Attached is a very simple example of what I described above. The factor, ROIC (a 'quality-type' factor in my book) appears to (in sample at least) have decent positive mean IC, p-value below my cutoff of 0.05, top bottom quantiles spreading away from each other (sometimes at least, and on average?), but quite a negative Ann. Alpha, and pretty consistent negative return slope... Would you know what in the world is going on here?

Loading notebook preview...
Notebook previews are currently unavailable.

I think IC is just one screen. Sometimes high IC does not translate to high performance =(

A bit confused by the demeaned method used in al.performance.mean_return_by_quantile.

My understanding is the spread between two quantiles' forward return should be the same no matter using demeaned or not, but confused by below testing:

I got a factor_data, for 5D forward return, if demeaned=False, quantile 1 has lower return than quantile 2; if set demeaned=True, quantile1 has higher return.

Any idea?

Thanks!

mean_return_by_q, std_err_by_q = al.performance.mean_return_by_quantile(factor_data,demeaned=False)
mean_return_by_q

factor_quantile 1D 5D 10D
1 0.000513 0.002653 0.005372
2 0.000484 0.002780 0.005221

mean_return_by_q, std_err_by_q = al.performance.mean_return_by_quantile(factor_data,demeaned=True)
mean_return_by_q

factor_quantile 1D 5D 10D
1 0.000029 0.00009 0.000352
2 -0.000042 -0.00013 -0.000513

Hi Joakim,

It took me a little bit of thinking, but I believe I have figured out what is causing your issue. I have attached a notebook to aid in the explanation.

Your factor values had extreme outliers. This is not a problem for the mean return spread. However, for any calculation that uses factor-weighted returns, it becomes an issue. (The two main areas in the tearsheet that come to mind are the alpha calculation and the cumulative factor-weighted returns chart).

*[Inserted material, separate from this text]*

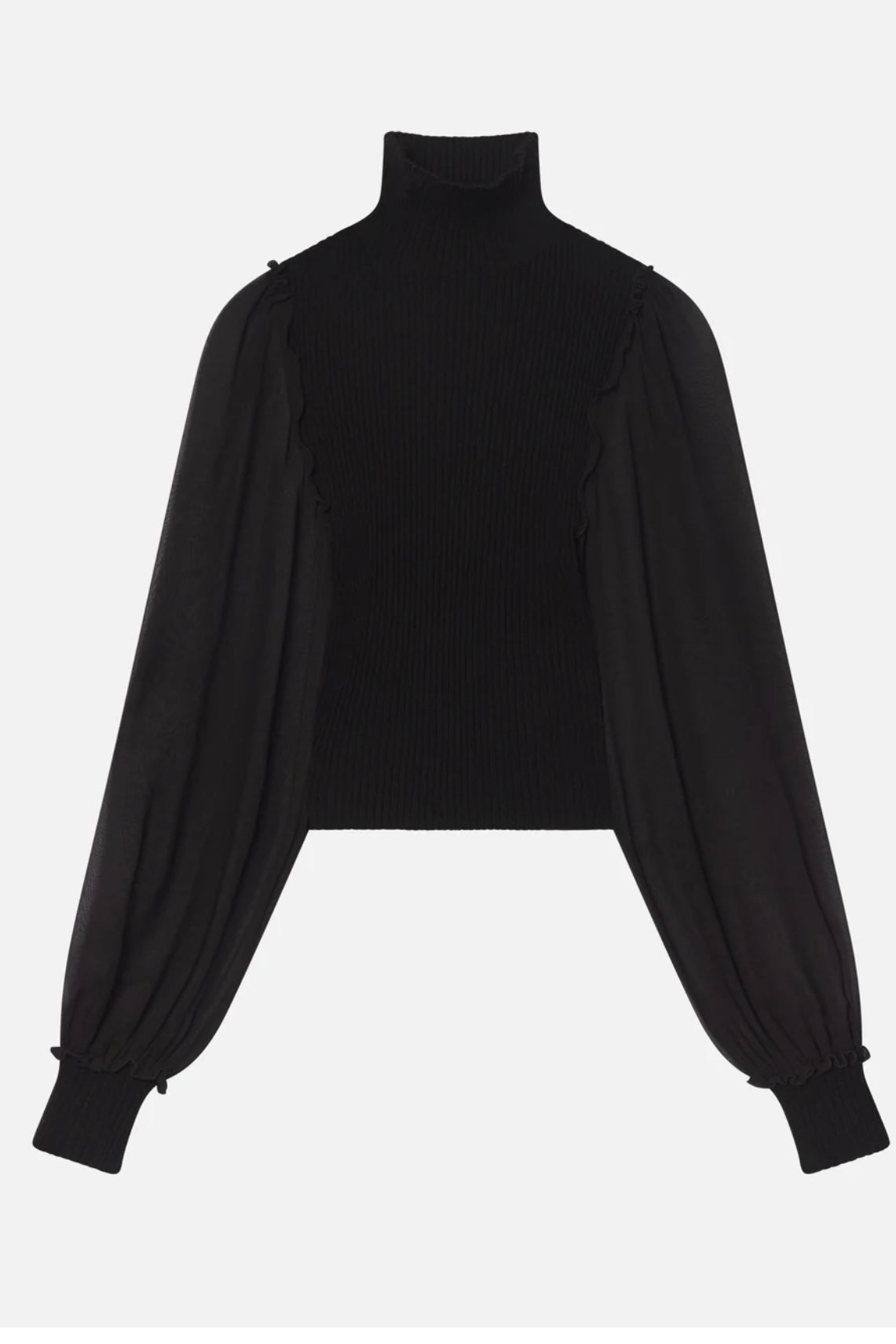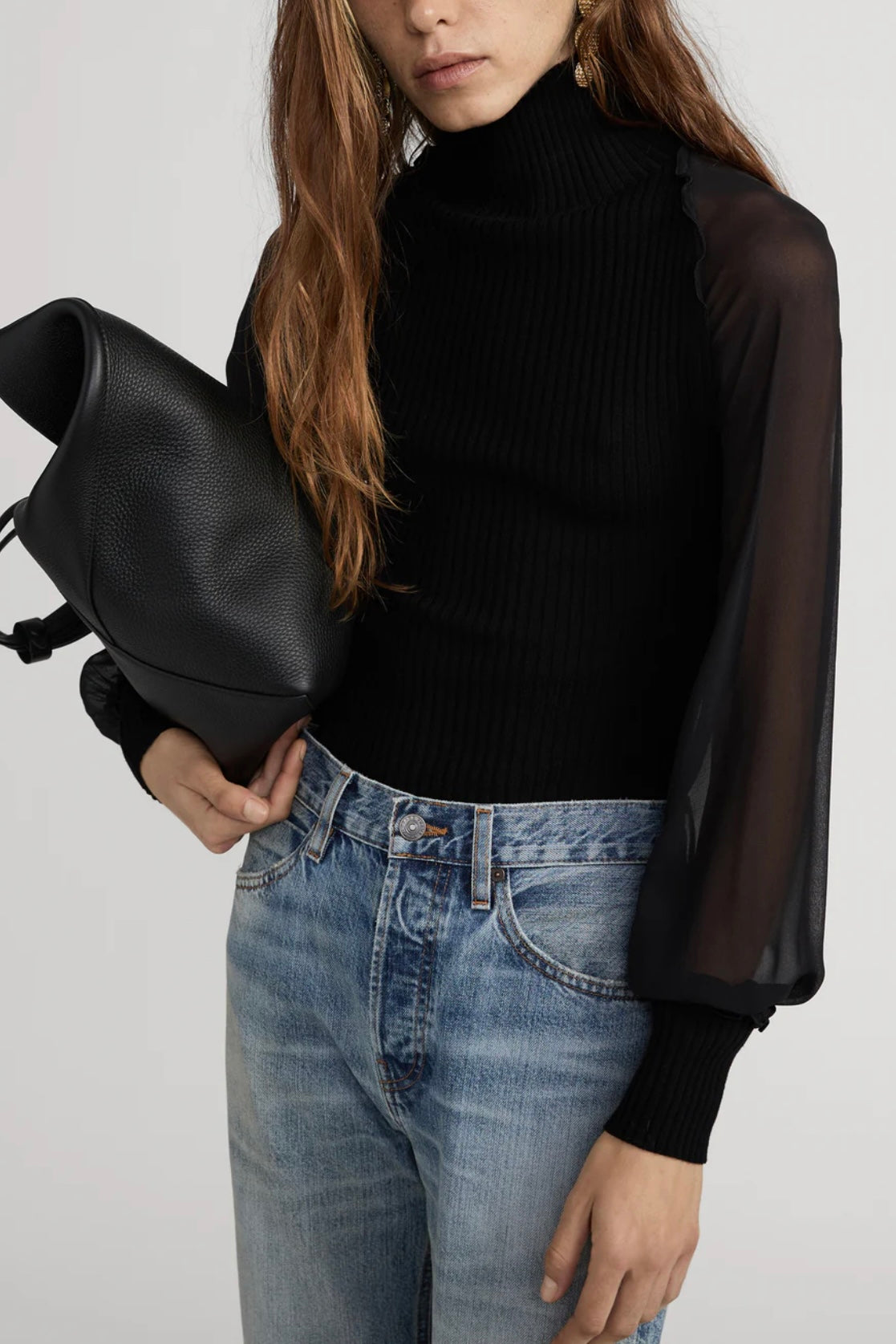 A modern take on the classic LBD, The Sheer Sleeve Dress is a rich interplay of texture and volume. This high-neck silhouette features a rib-knit body and cuffs, sheer silk sleeves and a silk bubble hem.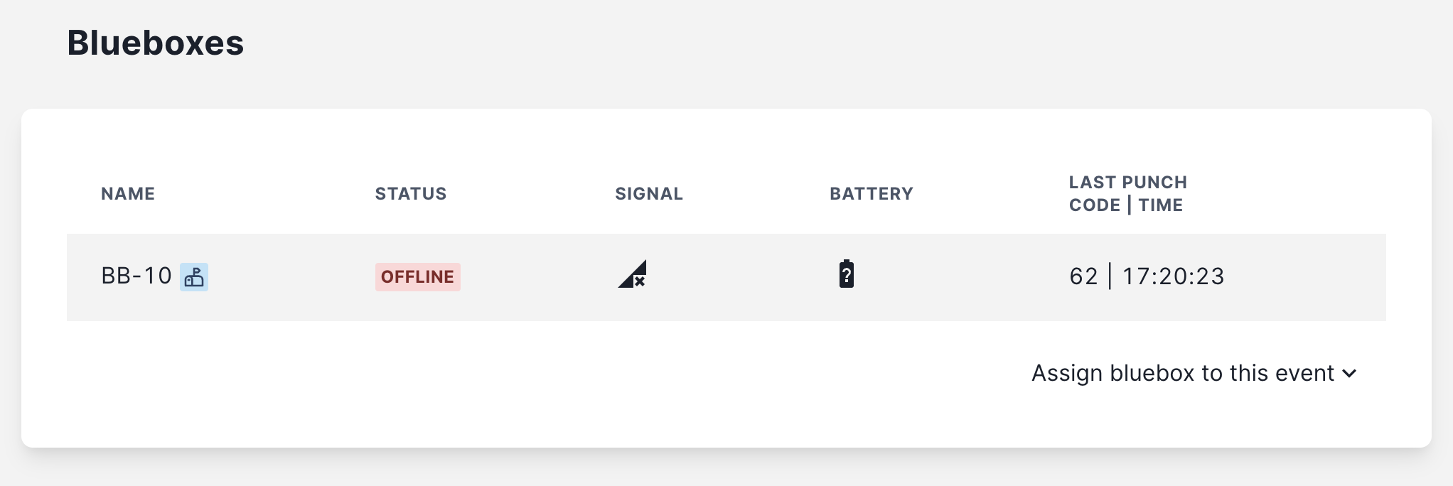 You can also monitor the status of your Blueboxes during your event, including signal strength, battery charge and the last recorded punch on the device.

On more than half of the days, one asset had a 20+% weight! It even got as high as 45%.

You could probably solve this in a number of ways (factor winsorizing, factor ranking, etc.). It is really up to you.

See the notebook for some of the code I used to figure out the problem. Note, to simplify the problem, I only focused on the 1-period return values, but the same analysis could be done for the other return periods.

Also, Leo is correct, I believe there are possible situations where a positive IC may not lead to positive performance, in part because it is only measuring the correlation in ranks and doesn't take into account the magnitude of the top-bottom spread. In other words, you might do a good job predicting the ranks overall, but you do better predicting the ranks when the spread is narrow and a poor job predicting the ranks when the spread is wide. However, I don't think this is the case here.

Loading notebook preview...
Notebook previews are currently unavailable.

@Michael,

Such an awesome answer and NB - Thank you!!

I now got this ROIC factor to indeed 'work' (during this 'in-sample' period at least) after removing the worst outliers (filtering by .percentile_between(1,99)) and 'winsorizing' the rest of the tails.

Regarding 'winsorizing', does results.MyFactor.clip(-30,30) do the same thing on a pandas series, as winsorize (from scipy.stats.mstats) does on an array? (notice how I'm pretending to know the difference between a series and an array).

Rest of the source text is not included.